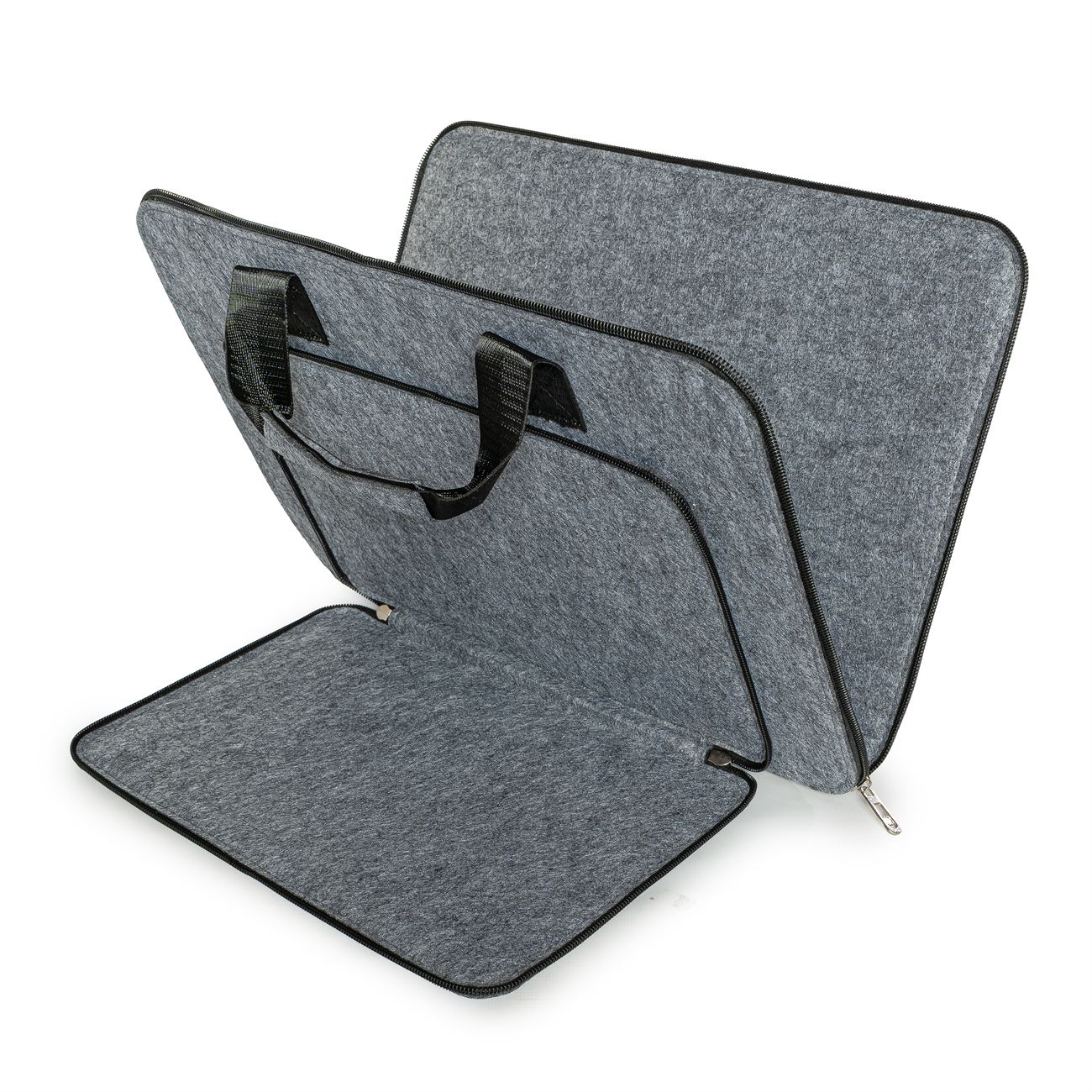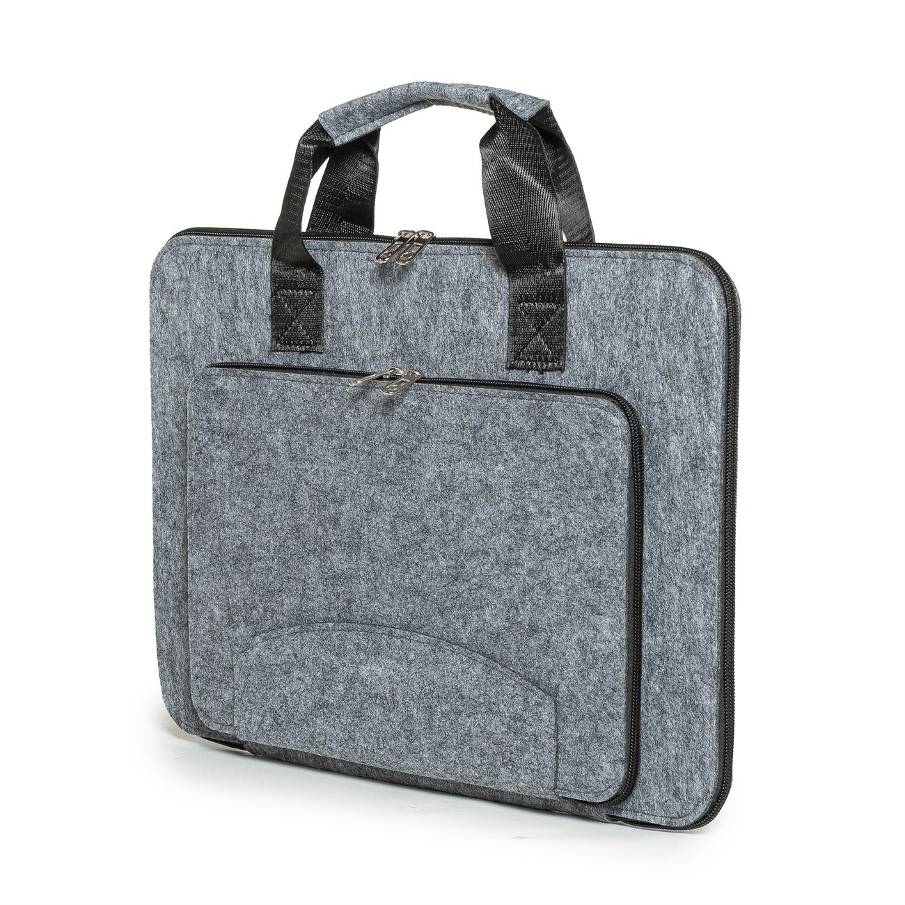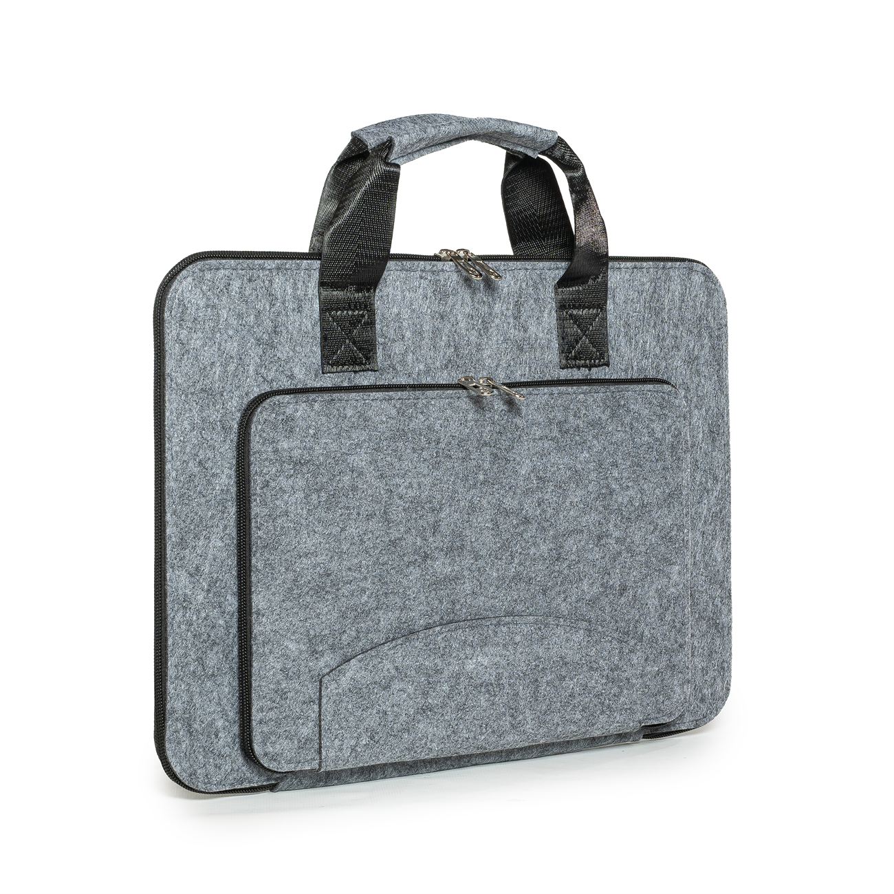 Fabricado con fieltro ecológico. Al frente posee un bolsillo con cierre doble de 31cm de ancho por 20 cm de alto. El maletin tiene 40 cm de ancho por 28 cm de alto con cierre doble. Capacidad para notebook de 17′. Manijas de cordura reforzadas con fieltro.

━━━━━━

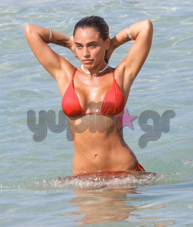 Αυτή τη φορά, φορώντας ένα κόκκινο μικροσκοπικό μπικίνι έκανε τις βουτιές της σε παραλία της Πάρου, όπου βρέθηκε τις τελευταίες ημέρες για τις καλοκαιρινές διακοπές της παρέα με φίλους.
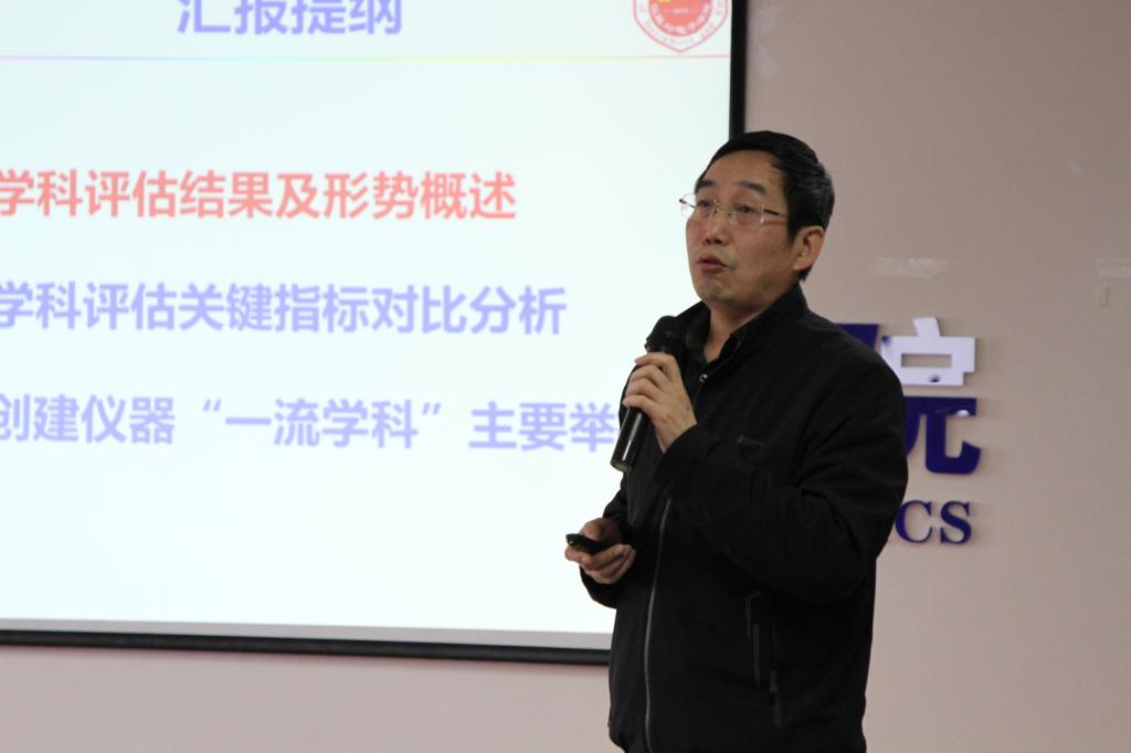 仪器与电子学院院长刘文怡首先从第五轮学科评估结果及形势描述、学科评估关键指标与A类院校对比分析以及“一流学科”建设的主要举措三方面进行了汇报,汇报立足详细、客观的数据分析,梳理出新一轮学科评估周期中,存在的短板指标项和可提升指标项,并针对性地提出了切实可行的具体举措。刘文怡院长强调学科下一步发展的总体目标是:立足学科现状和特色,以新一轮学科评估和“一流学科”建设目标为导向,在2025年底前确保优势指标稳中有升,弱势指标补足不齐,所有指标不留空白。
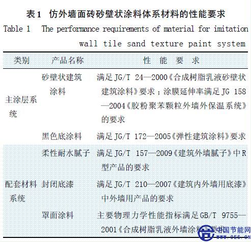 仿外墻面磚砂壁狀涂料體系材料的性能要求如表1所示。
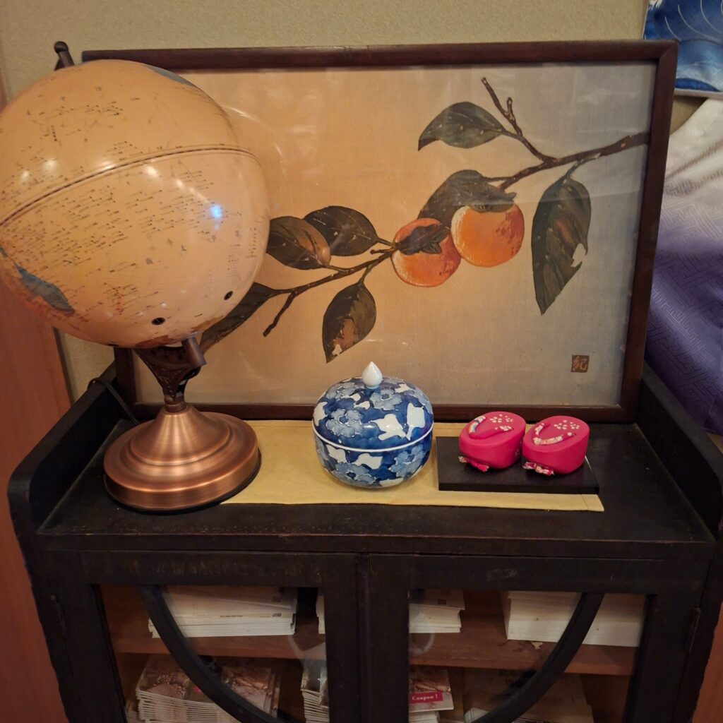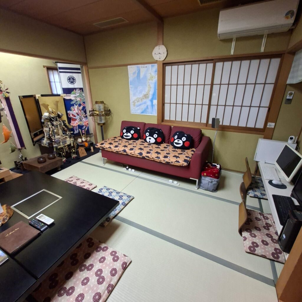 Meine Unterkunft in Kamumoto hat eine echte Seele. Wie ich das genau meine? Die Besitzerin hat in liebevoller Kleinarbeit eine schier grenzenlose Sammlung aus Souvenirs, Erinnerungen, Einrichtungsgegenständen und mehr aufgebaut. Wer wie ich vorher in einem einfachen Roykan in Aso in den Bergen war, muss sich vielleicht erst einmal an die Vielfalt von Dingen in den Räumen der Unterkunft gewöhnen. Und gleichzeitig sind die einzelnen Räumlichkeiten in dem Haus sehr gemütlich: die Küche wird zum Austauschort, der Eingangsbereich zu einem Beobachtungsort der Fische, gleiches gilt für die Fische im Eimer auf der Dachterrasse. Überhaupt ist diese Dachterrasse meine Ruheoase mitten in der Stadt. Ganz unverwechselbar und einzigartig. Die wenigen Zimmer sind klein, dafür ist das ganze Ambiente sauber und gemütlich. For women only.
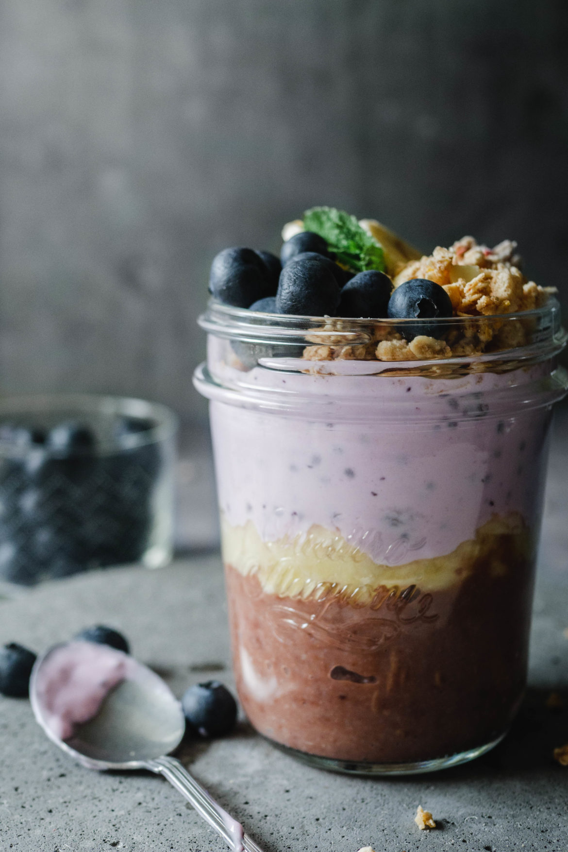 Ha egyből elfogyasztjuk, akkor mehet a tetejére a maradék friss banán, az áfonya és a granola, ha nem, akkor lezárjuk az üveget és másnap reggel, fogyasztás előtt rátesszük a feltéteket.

━━━━━━

- [GOAL OF THE EXERCISE]:
Of the records above, print only the lines from the one containing "Αυτή τη φορά, φορώντας" through the one containing "仿外墻面磚砂壁狀涂料體系材料的性能要求如表1所示。", inclusive and unaltered, leaving out pictures.

- [RESULT FOR THIS EXERCISE]:
 Αυτή τη φορά, φορώντας ένα κόκκινο μικροσκοπικό μπικίνι έκανε τις βουτιές της σε παραλία της Πάρου, όπου βρέθηκε τις τελευταίες ημέρες για τις καλοκαιρινές διακοπές της παρέα με φίλους.
 仪器与电子学院院长刘文怡首先从第五轮学科评估结果及形势描述、学科评估关键指标与A类院校对比分析以及“一流学科”建设的主要举措三方面进行了汇报,汇报立足详细、客观的数据分析,梳理出新一轮学科评估周期中,存在的短板指标项和可提升指标项,并针对性地提出了切实可行的具体举措。刘文怡院长强调学科下一步发展的总体目标是:立足学科现状和特色,以新一轮学科评估和“一流学科”建设目标为导向,在2025年底前确保优势指标稳中有升,弱势指标补足不齐,所有指标不留空白。
 仿外墻面磚砂壁狀涂料體系材料的性能要求如表1所示。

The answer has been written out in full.